I had only twenty cents left, not even enough to take me to Chinatown where, I had been informed, a Filipino hotel and two restaurants were located. Fortunately two old-timers put me in a car with four others, and took us to a hotel on King Street, the heart of Filipino life in Seattle. Marcelo, who was also in the car, had a cousin named Elias who came to our room with another oldtimer. Elias and his unknown friend persuaded my companions to play a strange kind of card game. In a little while, Elias got up and touched his friend suggestively; then they disappeared and we never saw them again. It was only when our two countrymen had left that my companions realized what happened. They had taken all their money. Marcelo asked me if I had any money. I gave him my twenty cents. After collecting a few more cents form the other, he went downstairs and when he came back he told us that he had telegraphed for money to his brother in California.

All night we waited for the money to come, hungry and afraid to go out in the street. Outside we could hear shouting and singing, then a woman screamed lustily in one of the rooms down the hall. Across from our hotel a jazz band was playing noisily; it went on until dawn. But in the morning a telegram came to Marcelo which said:

YOUR BROTHER DIED AUTOMOBILE ACCIDENT LAST WEEK

Marcelo looked at us and began to cry. His anguish stirred an aching fear in me. I knelt on the floor looking for my suitcase under the bed. I knew that I had to go out now-alone. I put the suitcase on my shoulder and walked toward the door, stopping for a moment to look back at my friends who were still standing silent around Marcelo. Suddenly a man came into the room and announced that he was the proprietor.

"Well, boys," he said, looking at our suitcases, "where is the rent?"

"We have no money, sir," I said, trying to impress him with my politeness.

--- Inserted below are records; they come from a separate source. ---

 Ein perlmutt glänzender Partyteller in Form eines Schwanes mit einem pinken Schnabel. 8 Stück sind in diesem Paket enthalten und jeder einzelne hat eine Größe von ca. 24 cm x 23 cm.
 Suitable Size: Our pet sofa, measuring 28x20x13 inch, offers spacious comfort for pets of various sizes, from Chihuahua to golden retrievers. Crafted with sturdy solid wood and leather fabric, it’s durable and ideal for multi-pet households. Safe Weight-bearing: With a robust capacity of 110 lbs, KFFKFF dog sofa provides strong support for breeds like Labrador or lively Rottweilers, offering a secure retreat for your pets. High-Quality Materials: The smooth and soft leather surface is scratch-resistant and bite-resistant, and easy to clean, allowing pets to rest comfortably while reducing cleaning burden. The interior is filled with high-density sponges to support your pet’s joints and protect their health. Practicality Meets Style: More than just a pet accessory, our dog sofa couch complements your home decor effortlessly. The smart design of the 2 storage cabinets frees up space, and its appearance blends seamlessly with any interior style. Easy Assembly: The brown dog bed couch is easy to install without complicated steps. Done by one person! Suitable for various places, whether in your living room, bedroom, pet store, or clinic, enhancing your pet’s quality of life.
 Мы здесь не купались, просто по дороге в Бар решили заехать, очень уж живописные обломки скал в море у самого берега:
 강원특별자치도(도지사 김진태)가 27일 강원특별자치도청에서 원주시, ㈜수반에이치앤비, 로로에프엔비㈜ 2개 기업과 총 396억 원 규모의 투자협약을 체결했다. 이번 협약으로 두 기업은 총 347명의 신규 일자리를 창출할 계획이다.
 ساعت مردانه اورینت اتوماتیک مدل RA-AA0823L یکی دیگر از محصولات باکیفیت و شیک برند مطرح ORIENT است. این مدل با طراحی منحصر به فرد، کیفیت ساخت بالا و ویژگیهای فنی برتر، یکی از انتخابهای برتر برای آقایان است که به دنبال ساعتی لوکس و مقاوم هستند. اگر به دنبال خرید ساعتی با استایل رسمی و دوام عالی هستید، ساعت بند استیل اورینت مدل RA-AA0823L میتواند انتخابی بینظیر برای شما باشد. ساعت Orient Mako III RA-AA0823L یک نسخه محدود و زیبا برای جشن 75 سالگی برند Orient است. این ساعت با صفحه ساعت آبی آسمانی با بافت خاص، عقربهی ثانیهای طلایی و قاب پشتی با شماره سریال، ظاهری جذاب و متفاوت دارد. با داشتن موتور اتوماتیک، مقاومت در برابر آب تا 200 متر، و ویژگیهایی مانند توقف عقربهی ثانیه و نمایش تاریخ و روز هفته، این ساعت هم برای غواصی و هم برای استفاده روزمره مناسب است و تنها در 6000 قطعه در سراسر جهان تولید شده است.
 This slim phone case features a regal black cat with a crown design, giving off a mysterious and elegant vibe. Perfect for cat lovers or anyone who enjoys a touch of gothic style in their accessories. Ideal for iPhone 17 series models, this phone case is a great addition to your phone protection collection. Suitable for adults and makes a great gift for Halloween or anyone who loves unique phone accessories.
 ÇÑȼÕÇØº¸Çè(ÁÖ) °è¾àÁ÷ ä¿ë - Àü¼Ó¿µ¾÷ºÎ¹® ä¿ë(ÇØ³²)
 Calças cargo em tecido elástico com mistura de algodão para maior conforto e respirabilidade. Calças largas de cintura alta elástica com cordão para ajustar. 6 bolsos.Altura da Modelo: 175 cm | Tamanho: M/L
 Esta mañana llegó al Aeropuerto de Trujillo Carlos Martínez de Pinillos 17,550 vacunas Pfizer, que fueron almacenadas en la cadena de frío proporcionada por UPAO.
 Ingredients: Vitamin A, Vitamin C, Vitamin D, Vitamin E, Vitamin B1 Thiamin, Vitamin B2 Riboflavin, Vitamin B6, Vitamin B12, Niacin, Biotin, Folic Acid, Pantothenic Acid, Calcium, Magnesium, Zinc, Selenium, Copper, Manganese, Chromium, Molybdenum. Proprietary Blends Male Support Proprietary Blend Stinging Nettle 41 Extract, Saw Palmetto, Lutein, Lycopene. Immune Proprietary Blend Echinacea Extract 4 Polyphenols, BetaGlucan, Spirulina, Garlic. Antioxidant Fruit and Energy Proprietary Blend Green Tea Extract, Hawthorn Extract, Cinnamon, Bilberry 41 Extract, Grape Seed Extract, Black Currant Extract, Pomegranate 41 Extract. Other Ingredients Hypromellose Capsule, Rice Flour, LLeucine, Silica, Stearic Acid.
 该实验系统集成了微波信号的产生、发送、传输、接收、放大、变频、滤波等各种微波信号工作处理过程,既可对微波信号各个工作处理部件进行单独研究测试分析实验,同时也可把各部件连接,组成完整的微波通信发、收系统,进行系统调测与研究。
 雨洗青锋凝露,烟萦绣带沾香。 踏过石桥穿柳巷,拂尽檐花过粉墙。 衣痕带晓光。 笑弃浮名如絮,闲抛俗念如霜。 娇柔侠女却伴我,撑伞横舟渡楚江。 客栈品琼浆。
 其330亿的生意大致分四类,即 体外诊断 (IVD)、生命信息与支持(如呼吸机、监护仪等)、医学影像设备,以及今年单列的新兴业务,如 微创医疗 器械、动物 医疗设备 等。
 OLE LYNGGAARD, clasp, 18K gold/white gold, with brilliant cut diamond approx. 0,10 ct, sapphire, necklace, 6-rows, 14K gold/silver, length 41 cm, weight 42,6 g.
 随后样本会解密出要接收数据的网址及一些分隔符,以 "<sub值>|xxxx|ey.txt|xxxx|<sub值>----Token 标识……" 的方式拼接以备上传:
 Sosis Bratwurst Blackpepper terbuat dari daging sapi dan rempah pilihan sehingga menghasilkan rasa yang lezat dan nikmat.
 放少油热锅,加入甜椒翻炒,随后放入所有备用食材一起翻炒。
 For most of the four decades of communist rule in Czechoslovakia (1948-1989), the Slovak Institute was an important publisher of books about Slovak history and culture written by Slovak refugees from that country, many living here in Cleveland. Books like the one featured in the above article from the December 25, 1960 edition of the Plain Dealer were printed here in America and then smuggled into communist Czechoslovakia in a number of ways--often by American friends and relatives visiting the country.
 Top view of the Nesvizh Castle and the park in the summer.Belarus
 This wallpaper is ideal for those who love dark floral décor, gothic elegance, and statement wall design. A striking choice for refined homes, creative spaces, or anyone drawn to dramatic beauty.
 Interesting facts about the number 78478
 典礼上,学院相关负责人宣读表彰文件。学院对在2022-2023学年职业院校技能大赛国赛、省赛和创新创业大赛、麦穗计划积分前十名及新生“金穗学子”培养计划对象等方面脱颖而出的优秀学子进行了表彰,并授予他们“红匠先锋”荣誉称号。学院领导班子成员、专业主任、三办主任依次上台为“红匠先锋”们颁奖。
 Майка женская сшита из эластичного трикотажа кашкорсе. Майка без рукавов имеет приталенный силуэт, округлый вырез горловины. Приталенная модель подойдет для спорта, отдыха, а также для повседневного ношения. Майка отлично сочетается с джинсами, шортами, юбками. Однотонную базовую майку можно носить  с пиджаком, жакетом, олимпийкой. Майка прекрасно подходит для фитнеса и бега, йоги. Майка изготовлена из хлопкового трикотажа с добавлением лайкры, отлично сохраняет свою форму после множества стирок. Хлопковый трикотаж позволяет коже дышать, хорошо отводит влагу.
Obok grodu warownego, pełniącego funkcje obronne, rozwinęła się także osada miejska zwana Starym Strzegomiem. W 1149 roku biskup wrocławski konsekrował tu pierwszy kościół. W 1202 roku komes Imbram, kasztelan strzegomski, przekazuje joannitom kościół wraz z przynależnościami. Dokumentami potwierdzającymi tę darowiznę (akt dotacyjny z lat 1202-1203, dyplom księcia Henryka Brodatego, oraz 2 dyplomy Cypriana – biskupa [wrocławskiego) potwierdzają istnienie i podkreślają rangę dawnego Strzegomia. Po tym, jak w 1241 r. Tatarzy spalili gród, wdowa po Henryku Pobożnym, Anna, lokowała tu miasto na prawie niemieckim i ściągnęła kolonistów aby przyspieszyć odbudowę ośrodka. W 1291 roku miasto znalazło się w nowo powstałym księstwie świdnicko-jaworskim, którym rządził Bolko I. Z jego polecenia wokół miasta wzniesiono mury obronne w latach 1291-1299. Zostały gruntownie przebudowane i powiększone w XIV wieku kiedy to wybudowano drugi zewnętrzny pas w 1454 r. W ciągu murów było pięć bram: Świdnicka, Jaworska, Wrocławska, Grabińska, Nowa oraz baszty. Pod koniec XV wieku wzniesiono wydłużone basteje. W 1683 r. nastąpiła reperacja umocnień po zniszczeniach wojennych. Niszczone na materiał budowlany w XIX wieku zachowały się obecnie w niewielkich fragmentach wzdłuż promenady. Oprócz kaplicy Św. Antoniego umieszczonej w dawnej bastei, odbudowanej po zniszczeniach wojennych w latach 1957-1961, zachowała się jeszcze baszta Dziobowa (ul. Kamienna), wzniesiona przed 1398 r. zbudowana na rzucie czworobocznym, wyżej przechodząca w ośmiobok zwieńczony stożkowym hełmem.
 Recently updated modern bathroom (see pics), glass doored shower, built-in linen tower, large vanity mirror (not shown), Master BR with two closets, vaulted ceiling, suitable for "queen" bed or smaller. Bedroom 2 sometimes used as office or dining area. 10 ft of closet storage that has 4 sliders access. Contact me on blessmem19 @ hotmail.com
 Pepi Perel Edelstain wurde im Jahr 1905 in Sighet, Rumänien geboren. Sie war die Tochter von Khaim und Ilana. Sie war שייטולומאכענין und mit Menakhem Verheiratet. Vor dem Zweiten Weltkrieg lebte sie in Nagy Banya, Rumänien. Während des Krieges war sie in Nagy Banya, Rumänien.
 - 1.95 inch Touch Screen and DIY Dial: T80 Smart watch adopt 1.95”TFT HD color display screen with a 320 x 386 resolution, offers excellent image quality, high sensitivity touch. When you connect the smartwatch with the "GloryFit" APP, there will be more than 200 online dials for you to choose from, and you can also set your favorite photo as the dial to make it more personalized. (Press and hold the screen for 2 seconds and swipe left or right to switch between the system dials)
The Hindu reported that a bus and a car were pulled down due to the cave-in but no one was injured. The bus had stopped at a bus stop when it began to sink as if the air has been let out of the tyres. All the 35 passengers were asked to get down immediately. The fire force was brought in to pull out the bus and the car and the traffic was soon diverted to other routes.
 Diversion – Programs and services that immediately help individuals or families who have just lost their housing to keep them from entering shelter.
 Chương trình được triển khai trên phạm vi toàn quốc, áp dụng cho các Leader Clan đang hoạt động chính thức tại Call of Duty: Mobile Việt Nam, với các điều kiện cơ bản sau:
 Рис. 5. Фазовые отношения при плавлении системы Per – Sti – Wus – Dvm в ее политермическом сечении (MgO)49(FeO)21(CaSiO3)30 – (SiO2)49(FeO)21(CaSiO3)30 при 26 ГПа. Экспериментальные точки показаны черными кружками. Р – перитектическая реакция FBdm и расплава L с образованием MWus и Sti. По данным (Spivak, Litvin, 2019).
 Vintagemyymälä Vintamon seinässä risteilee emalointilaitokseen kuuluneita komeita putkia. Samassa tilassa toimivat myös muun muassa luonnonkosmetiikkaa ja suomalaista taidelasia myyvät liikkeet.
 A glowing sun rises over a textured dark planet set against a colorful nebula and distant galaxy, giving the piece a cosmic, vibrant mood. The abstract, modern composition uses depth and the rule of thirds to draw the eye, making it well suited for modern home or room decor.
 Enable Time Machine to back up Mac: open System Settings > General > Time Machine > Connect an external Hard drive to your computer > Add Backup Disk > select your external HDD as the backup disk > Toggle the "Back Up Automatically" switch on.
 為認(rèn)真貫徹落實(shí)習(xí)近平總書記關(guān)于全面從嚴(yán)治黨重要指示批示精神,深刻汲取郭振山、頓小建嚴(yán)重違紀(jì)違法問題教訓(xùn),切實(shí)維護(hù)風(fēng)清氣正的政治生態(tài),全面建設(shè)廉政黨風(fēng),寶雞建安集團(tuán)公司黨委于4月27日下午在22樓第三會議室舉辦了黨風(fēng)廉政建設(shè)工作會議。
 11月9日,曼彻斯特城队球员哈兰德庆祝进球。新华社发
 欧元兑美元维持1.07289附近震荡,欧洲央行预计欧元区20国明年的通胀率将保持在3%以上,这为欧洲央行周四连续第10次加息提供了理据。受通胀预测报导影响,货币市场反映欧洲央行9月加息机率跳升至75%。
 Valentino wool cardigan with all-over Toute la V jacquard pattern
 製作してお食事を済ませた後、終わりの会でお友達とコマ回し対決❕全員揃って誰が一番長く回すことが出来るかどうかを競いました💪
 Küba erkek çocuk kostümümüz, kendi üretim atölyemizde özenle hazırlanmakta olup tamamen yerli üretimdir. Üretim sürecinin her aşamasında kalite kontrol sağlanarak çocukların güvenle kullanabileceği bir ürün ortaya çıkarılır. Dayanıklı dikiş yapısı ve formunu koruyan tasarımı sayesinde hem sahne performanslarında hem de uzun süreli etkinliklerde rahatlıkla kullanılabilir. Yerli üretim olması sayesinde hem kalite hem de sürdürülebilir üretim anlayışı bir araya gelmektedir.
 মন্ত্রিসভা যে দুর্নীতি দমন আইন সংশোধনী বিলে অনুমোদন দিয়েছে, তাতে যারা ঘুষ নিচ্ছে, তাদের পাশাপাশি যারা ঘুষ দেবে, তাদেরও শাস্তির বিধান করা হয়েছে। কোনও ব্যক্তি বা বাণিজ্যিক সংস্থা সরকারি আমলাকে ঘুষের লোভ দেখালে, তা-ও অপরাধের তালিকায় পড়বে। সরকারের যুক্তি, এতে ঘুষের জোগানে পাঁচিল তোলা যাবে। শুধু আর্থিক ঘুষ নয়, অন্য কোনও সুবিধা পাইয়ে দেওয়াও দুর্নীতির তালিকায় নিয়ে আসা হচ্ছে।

"That is too bad," he said quickly, glancing furtively at our suitcases again. "That is just too bad." He walked outside and went down the the hall. He came back with a short, fat Filipino, who looked at us stupidly with his dull, small eyes, and spat his cigar out of the window.

"There they are, Jake," said the proprietor.

Jake looked disappointed. "They are too young," he said.

"You can break them in, Jake," said the proprietor.

"They will be sending babies next," Jake said.

"You can break them in, can't you, Jake?" the proprietor pleaded. "This is not the first time you have broken babies in. You have done it in the sugar plantations in Hawaii, Jake!"

"Hell!" Jake said, striding across the room to the proprietor. He pulled a fat roll of bills from his pocket and gave twenty-five dollars to the proprietor. Then he turned to us and said. All right, Pinoys, you are working for me now. Get your hats and follow me,"

We were too frightened to hesitate. When we lifted our suitcases the proprietor ordered us not to touch them.

"I'll take good care of them until you come back from Alaska," he said. "Good fishing, boys!"

In this way we were sold for five dollars each to work in the fish canneries in Alaska, by a Visayan from the island of Leyte to an Ilocano from the province of La Union. Both were old-timers; both were tough. They exploited young immigrants until one of them, the hotel proprietor, was shot dead by an unknown assailant.

We were forced to sign a paper which stated that each of us owed the contractor twenty dollars for bedding and another twenty for luxuries. What the luxuries were, I have never found out. The contractor turned out to be a tall, heavy-set, dark Filipino, who came to the small hold of the boat barking at us like a dog. He was drunk and saliva was running down his shirt.

"And get this, you devils!" he shouted at us. "You will never come back alive if you don't do what I say!"

It was the beginning of my life in America, the beginning of a long fight that carried me down the years, fighting desperately to find some peace in my life.